* What is needed: Your answer must be the full listing, word for word, with no images in it.

* Data excerpt:
━━━━━━━━━━━━━━━━
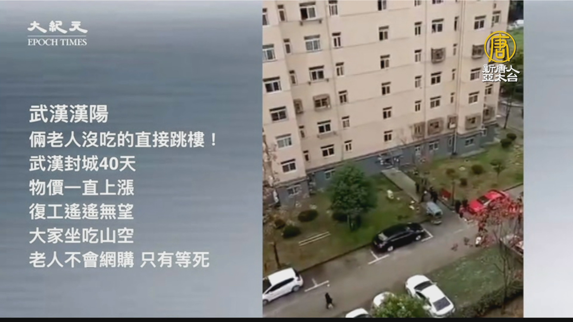 【新唐人亞太台 2020 年 03 月 05 日訊】武漢市封城從1月23日至今,已經超過40天,近期有兩起封城民眾跳樓輕生的影片曝光,引起輿論悲痛;然而中共黨媒還在頭版發表文章稱「日子過得和蜜一樣甜」;武漢居民表示,沒有收入、物價又高,外省捐贈的物資也無法獲得,每天都活在恐懼當中。
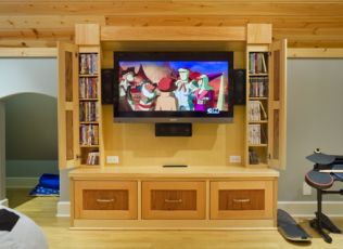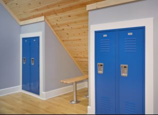 space runs down the length of one wall with "mouse hole" openings at each end,
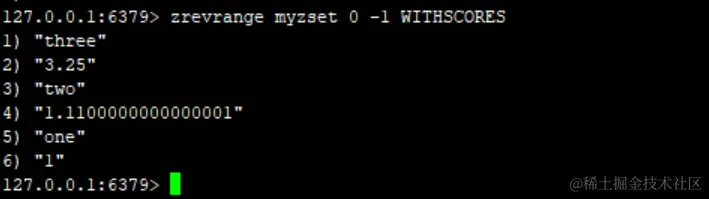 zadd myzset 1 one 1.11 two 3.25 three
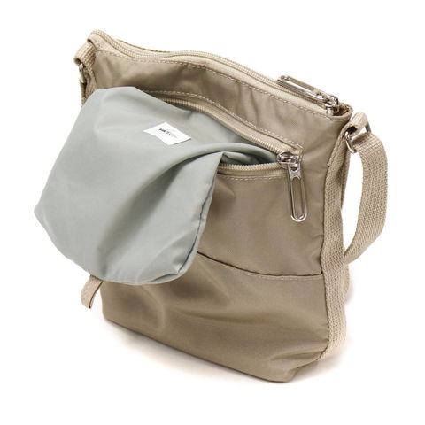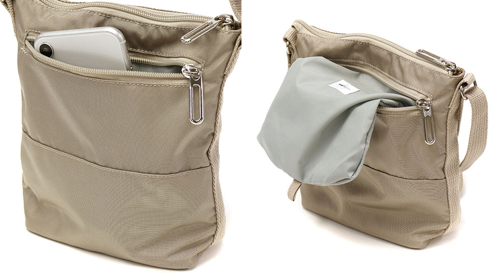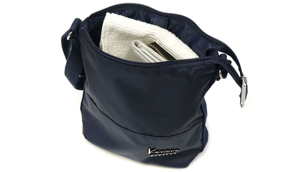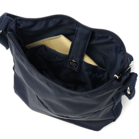 本体は二つ折りのお財布とスマホ、ハンドタオルなど、小物類の収納にぴったりなサイズ感。ちょっとそこまで、のお買い物やお出かけにはもちろん、旅行時のサブバッグとしても役立ちます。内装にはスナップポケットを1ヶ備えたつくりで、仕分け管理もできます。
━━━━━━━━━━━━━━━━
* Output:
 【新唐人亞太台 2020 年 03 月 05 日訊】武漢市封城從1月23日至今,已經超過40天,近期有兩起封城民眾跳樓輕生的影片曝光,引起輿論悲痛;然而中共黨媒還在頭版發表文章稱「日子過得和蜜一樣甜」;武漢居民表示,沒有收入、物價又高,外省捐贈的物資也無法獲得,每天都活在恐懼當中。
 space runs down the length of one wall with "mouse hole" openings at each end,
 zadd myzset 1 one 1.11 two 3.25 three
 本体は二つ折りのお財布とスマホ、ハンドタオルなど、小物類の収納にぴったりなサイズ感。ちょっとそこまで、のお買い物やお出かけにはもちろん、旅行時のサブバッグとしても役立ちます。内装にはスナップポケットを1ヶ備えたつくりで、仕分け管理もできます。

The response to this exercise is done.